Digitizing Initiatives

(above: Jean Mannheim (1863-1945),
Sunny Portrait, before 1945, tuttartpitturasculturapoesiamusica.com.
Public domain, via Wikimedia Commons*)
Methods and Costs
From 2005:
There were, as of 2005, three mass
productions options for scanning books according to Dustin Goot in a
Wired article titled 3 Ways to Scan a Library. The first
method is to remove the spines and use "machines [that] cost $25,000
and churn through 90 black-and-white pages per minute, front and back."
Second, libraries can have "workers in India, China, and the Philippines
earn about 40 cents an hour to manually turn pages that are zapped by $15,000
overhead scanners... Carnegie Mellon's Million Book Project [see above]
alone employs more than 100 Indians for this activity" Third, libraries
or publishers can employ automated systems such as Kirtas
Technologies' automated system that scans 1,200 pages per hour from
bound books.
-
- When the end purpose of digitization is the publishing
of converted material onto the Internet, art books and journal articles
present a special challenge for conversion of the analog material to digital
files. Since images of art objects are frequently embedded in pages containing
text, .pdf digital output for Internet publication is usually not feasible
due to the time and expense needed for copyright clearance of the images
of art objects.
-
- In addition to the mass scanning methods, organizations
can manually scan text in bound books page by page. Resource Library
recently estimated that the time required to manually scan, delete
artwork images, proofread and convert to HTML a 400 word page of text in
a bound book averages 6 minutes per page, maintaining 99.995% accuracy.
The combined direct labor cost is estimated at $2.50 per page, or $25 per
hour for 10 pages. A 5,000 word essay would therefore cost $32 to process
in direct labor cost. Capital equipment and overhead costs need to be added
to direct labor costs to arrive at total cost. (see the Content
presentation guidelines from Resource
Library for further information on its text presentation conventions)
-
- In 2006, TFAO conducted research to assess the feasibility
of outsourcing its text conversion process to service bureaus. TFAO would
provide final processing into .htm files for online publication. Assumptions
for quotes:
- estimate of a minimum input of 3 documents per week x
36 weeks / year; each bound document = 2,000 to 100,000 words. Average
10,000 words. All source document printing is black ink on white paper.

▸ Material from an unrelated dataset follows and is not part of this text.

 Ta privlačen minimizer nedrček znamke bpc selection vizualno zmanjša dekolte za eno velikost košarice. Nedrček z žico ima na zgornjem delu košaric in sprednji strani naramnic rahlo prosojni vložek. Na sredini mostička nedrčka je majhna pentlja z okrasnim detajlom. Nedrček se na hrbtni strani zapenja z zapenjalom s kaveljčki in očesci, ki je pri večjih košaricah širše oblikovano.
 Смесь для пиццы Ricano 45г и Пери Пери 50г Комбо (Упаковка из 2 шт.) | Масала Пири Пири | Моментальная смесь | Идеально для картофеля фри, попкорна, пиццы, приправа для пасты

- output accuracy at 99.995%.
- paper documents in good condition (not fragile): 1. sent
by sources direct to service bureau for processing, or, 2. scanned at museum
and converted there to .pdf files, or .pdf and .doc files. For a .PDF image
of a sample paper source document see this page with a link to a .pdf of
a 50 page catalogue: < http://www.tfaoi.org/aa/6aa/6aa418.htm >.

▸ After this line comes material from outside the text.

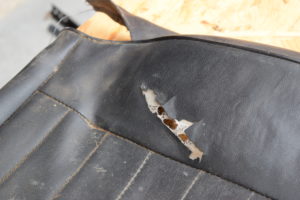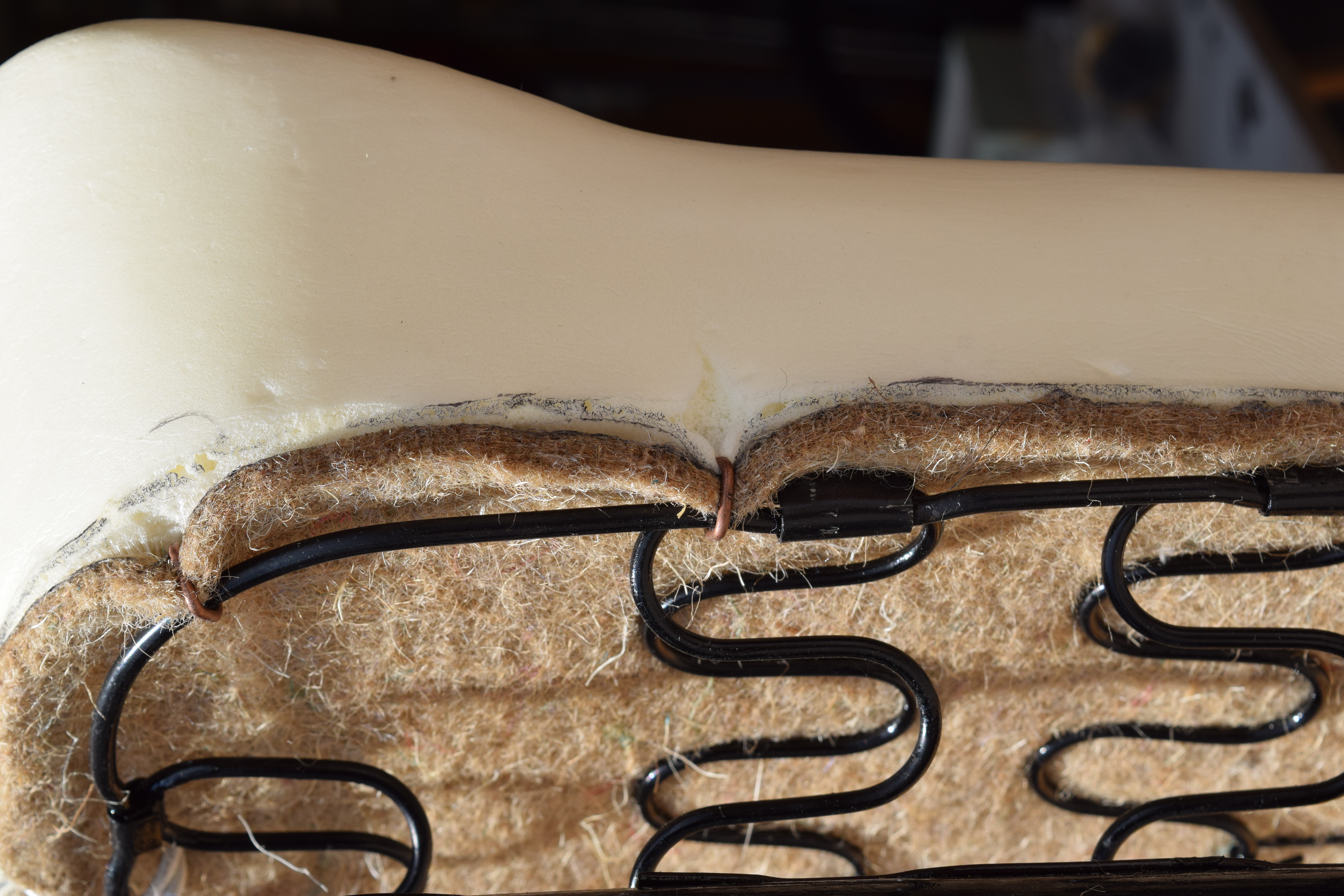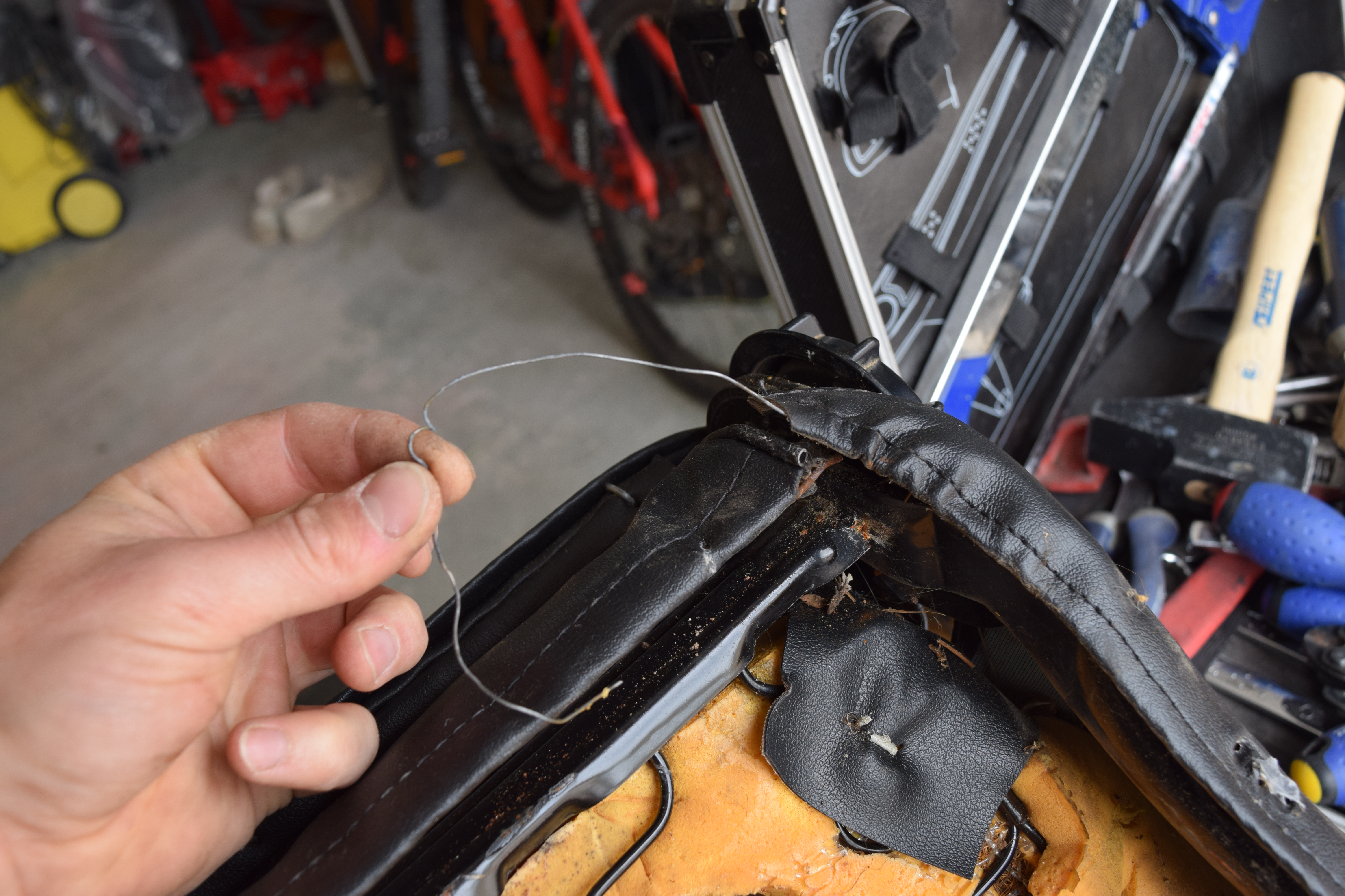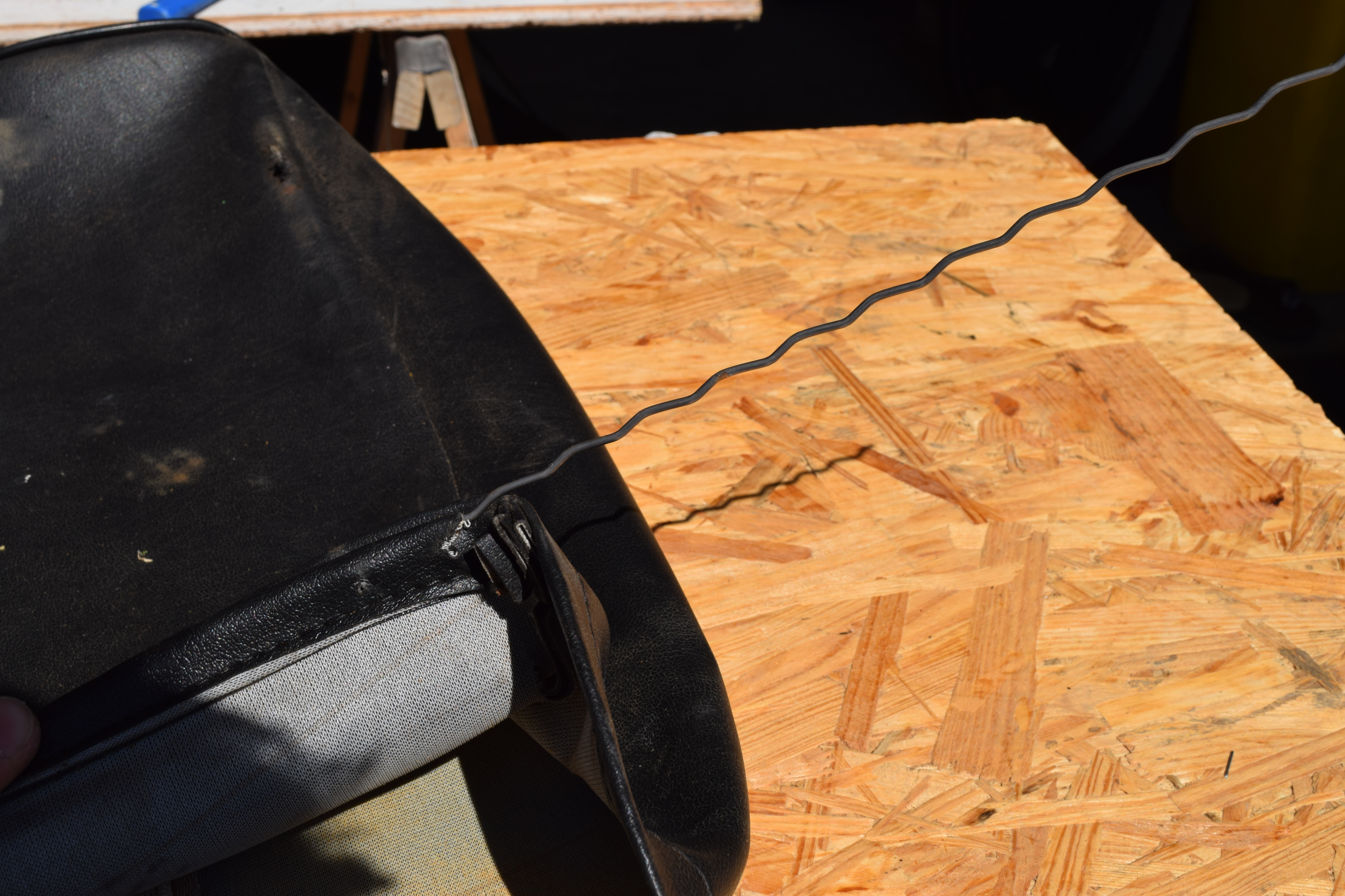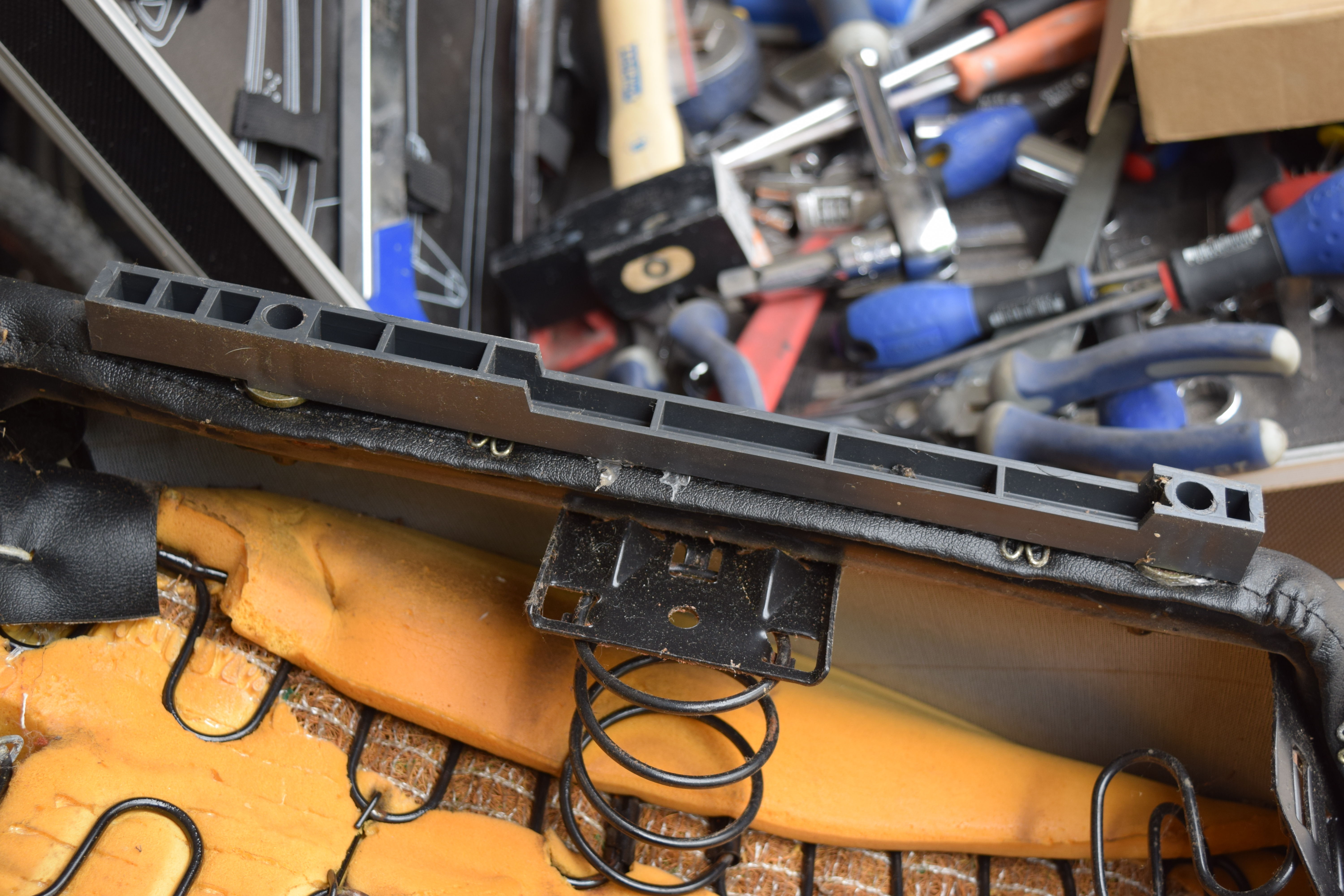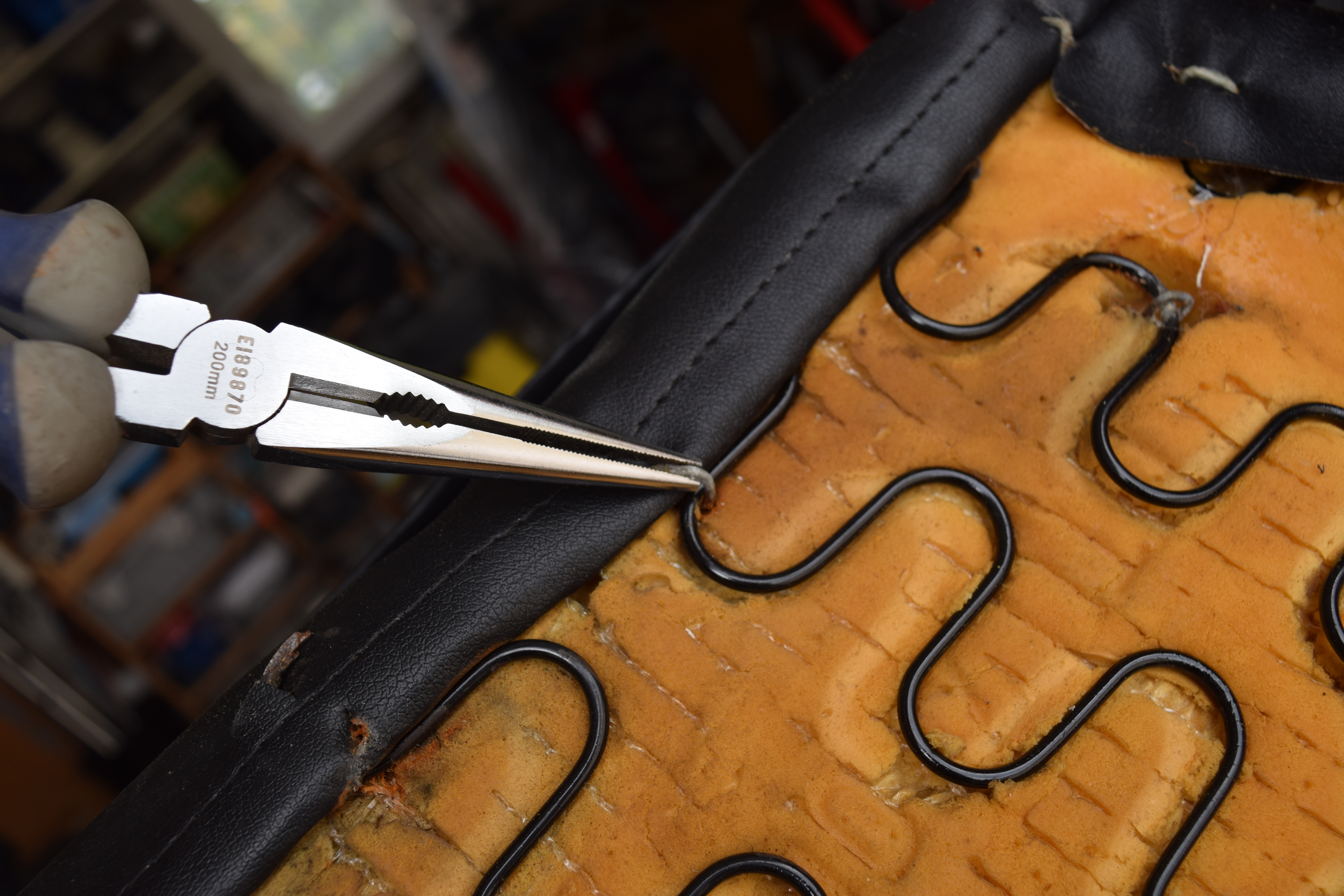 Un petit aperçu de l’état de la garniture. L’extérieur du simili cuir est bien déchiré et à l’intérieur, la mousse de la garniture entoilée s’est complètement désintégrée (mousse orange que l’on peut voir sur la photo). Cette mousse permet de réaliser le côté matelassé de la sellerie, quand elle est neuve. Ici, il n’y a plus de mousse, ce qui fait que l’assise est complètement plate. Vous pouvez également voir la tige métallique dont on a parlé précédemment et qui sert à tendre la garniture en profondeur.

- if documents scanned at a service bureau, all source
documents in English and scannable on a 8 1/2 x 14 inch scanner.
- batch processing ok with quarterly turnaround
- source paper documents not returned to sources or to
TFAO -- if sent to a service bureau by a museum
- output .doc file formatted to Resource Library
text presentation conventions and a .pdf file showing the image of each
source document page both sent by email to TFAO
- For a discussion on the costs related to reading of "open
access publishing" vs. subscription based articles see "The Cost
per Article Reading of Open Access Articles" by Jonas Holmström,
Research Assistant, Swedish School of Economics and Business Administration.
-
- For a comparison of costs involved with operating a paper
vs. virtual library see "Comparing
Library Resource Allocations for the Paper and the Digital Library"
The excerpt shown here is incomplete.